The Season Finale That Never Was: Creative Platypus

It all started with a whiteboard doodle during a brainstorm session in study hall. We were experimenting with pitches.  Suddenly, the room synergized and a story began rolling out with the force of a freight train. We had an idea -a great idea.

How often do our thoughts come back to us with an alienated majesty? We discard them because they are our thoughts.

Reading Ralph Waldo Emerson's Self Reliance with my students this year, this passage struck me with the force of that freight train. Do I distrust my own thoughts simply because they are mine and not some paid authority? In a democratic nation, creators crave the votes of the masses; votes in the form of dollars. As the 51% (hoi poloi) become the arbiters of Right and Wrong, so the Paid Position tells us what is worthy (to agathon) and unworthy (to kakon) of our attention.

Plato taught that we do evil through lack of knowledge.

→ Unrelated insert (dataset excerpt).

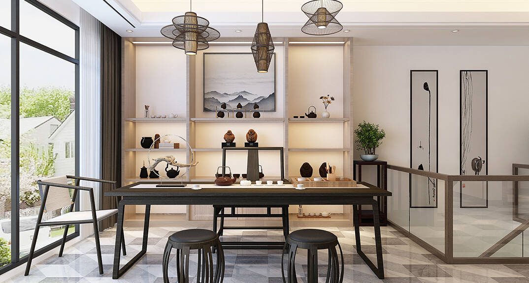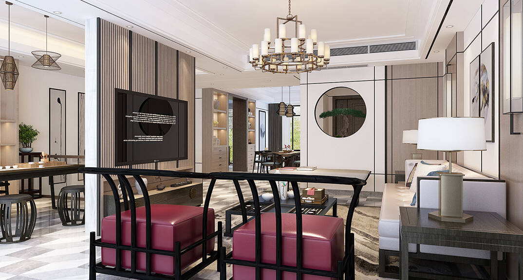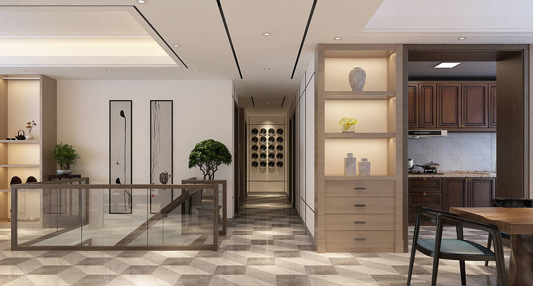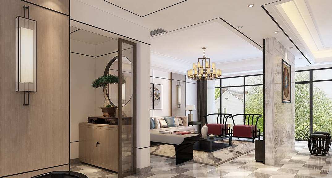 通過客廳、茶室優(yōu)化空間動線,門廳圓形隱蔽隔斷,天圓地方。地面采用了新中式黑灰白色三基色,體現(xiàn)中式文化中低調內斂的生活方式。

No person would knowingly choose the bad since the bad would inevitably harm themselves in the end. Aristotle broke with the master by pointing out that we often do evil through weakness of will. In the same way, perhaps we do not always discard our thoughts because they are ours. Perhaps we also discard them because we lack the will, or the skill, or the power to carry them out.

So here we are. Bad Nun: a whiteboard doodle, a few sketches, and nothing more.